Algorithms and Software for Biomolecular Structure Determination at the Proteome Scale

About This Grant

Project Abstract Algorithms and Software for Biomolecular Structure Determination at the Proteome Scale One of the central tenets of structural biology is that the direct observation of molecules at the atomic level can reveal the function and mechanism of the biomolecular machines that are responsible for life. Recent advances in cryo-electron microscopy (cryo-EM) and tomography (cryo-ET) have revolutionized our ability to study these biomolecular machines, enabling the production of atomic resolution structures of large complexes and visualizing their native conformations and structural context in situ. These techniques hold great promise for resolving the conformational and structural heterogeneity intrinsic to the function of these biomolecules. However, the low throughput and limited scope of current methods hinder our ability to study the vast diversity of biomolecular structures and interactions across entire proteomes. In this proposal, we aim to develop novel artificial intelligence (AI) and machine learning (ML) methods to address critical challenges in cryo-EM and cryo-ET image processing.

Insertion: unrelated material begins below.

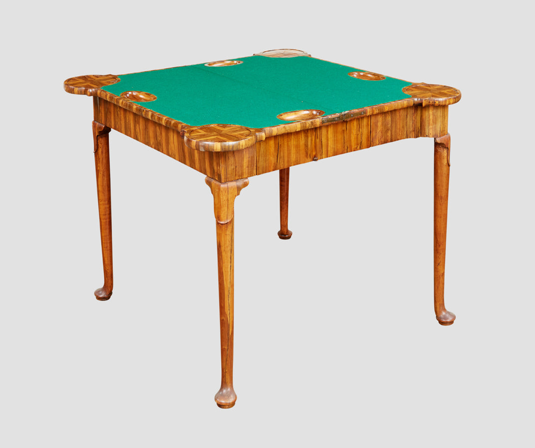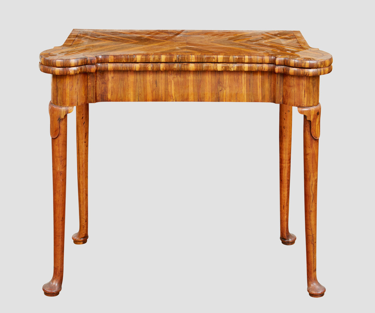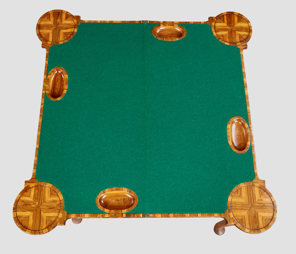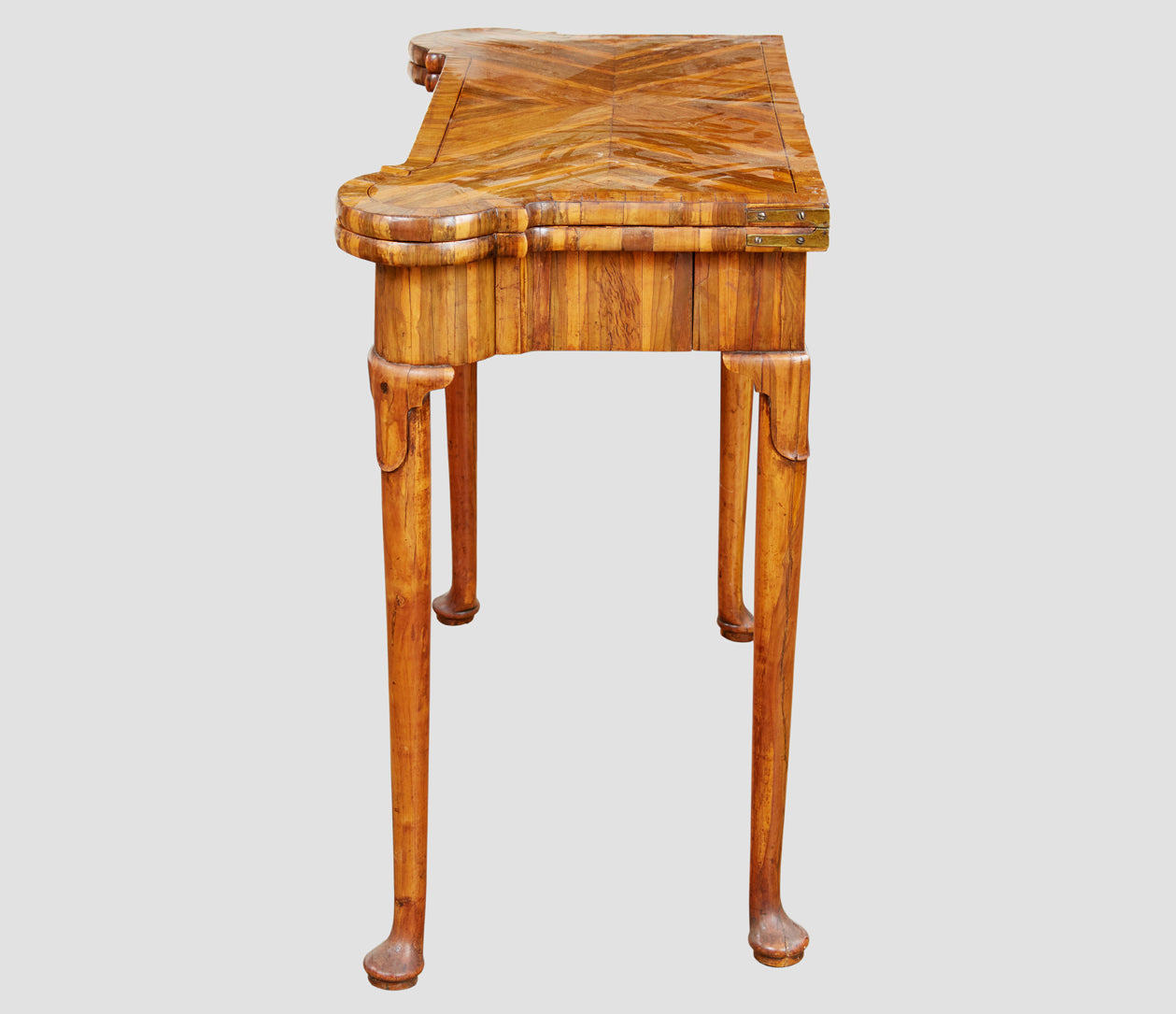 A fine George I games table veneered in cocus wood in a chevron pattern on the top and vertically on the frieze, the legs of modified cabriole form with pad feet, the table opening out with a concertina action to allow the four legs to be at each corner, having inset cups on the interior with a felt surface and the whole banded in cocus wood. Cocus wood (Brya ebenus) is a Caribbean/South American timber—this table being a superb example having terrific fading. Circa 1730. Ht. 29 1/4”, W. 34”, D 17”

Our goal is to advance a new paradigm of structure determination that can operate at the proteome scale, enabling high-throughput and high-resolution analysis of complex biological systems. Specifically, we propose to integrate prior structural information from sequence and structural databases with cryo-EM and cryo-ET data, leveraging the strengths of both data-driven and knowledge-based approaches. By designing forward models that incorporate geometric information about the underlying protein structures and developing multimodal generative models that can generalize across diverse biomolecular complexes, we aim to significantly enhance the accuracy and efficiency of biomolecular structure determination. From this research, we will create open-source software tools and release curated datasets to support downstream tasks in machine learning for biology. The successful implementation of this proposal will facilitate the emergence of visual proteomics, transforming the current paradigm of reductive structural biology which focuses on individual targets. By enabling comprehensive analysis at the proteome scale, this work has the potential to fundamentally change our understanding of subcellular processes and lead to new discoveries in the molecular mechanisms underlying health and disease.